__Given data__.
——————————
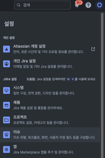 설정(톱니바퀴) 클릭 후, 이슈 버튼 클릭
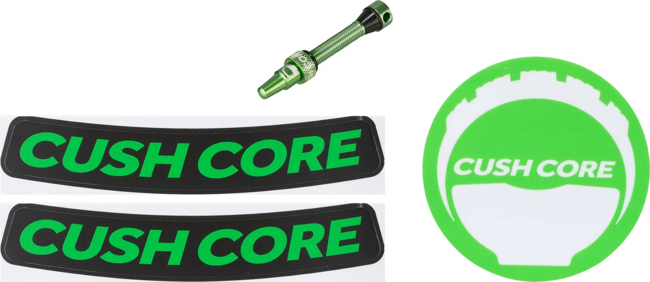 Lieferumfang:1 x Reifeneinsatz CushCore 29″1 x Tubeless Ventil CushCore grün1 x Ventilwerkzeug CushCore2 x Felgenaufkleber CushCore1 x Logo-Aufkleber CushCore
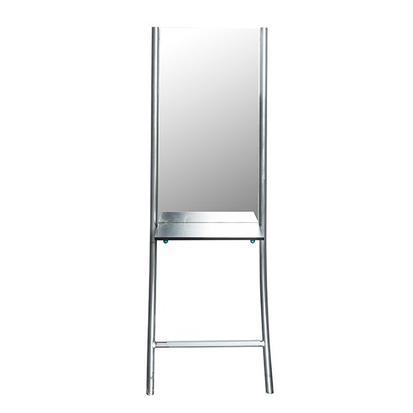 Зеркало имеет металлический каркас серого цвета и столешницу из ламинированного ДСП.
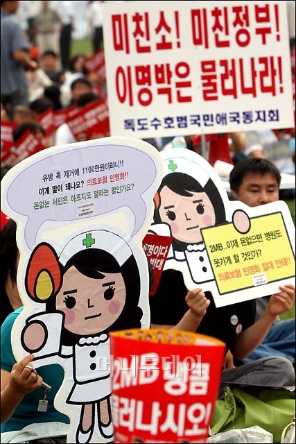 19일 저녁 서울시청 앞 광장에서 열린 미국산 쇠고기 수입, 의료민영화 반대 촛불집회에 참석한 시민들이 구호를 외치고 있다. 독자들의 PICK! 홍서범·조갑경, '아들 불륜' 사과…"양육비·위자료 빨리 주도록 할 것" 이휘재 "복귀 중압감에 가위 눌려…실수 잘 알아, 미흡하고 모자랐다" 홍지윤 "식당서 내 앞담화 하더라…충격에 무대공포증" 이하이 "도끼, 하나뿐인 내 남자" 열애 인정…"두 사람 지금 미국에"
——————————
__Activity__. Word for word, restate all of the material above except its pictures.

__Your solution__.
 설정(톱니바퀴) 클릭 후, 이슈 버튼 클릭
 Lieferumfang:1 x Reifeneinsatz CushCore 29″1 x Tubeless Ventil CushCore grün1 x Ventilwerkzeug CushCore2 x Felgenaufkleber CushCore1 x Logo-Aufkleber CushCore
 Зеркало имеет металлический каркас серого цвета и столешницу из ламинированного ДСП.
 19일 저녁 서울시청 앞 광장에서 열린 미국산 쇠고기 수입, 의료민영화 반대 촛불집회에 참석한 시민들이 구호를 외치고 있다. 독자들의 PICK! 홍서범·조갑경, '아들 불륜' 사과…"양육비·위자료 빨리 주도록 할 것" 이휘재 "복귀 중압감에 가위 눌려…실수 잘 알아, 미흡하고 모자랐다" 홍지윤 "식당서 내 앞담화 하더라…충격에 무대공포증" 이하이 "도끼, 하나뿐인 내 남자" 열애 인정…"두 사람 지금 미국에"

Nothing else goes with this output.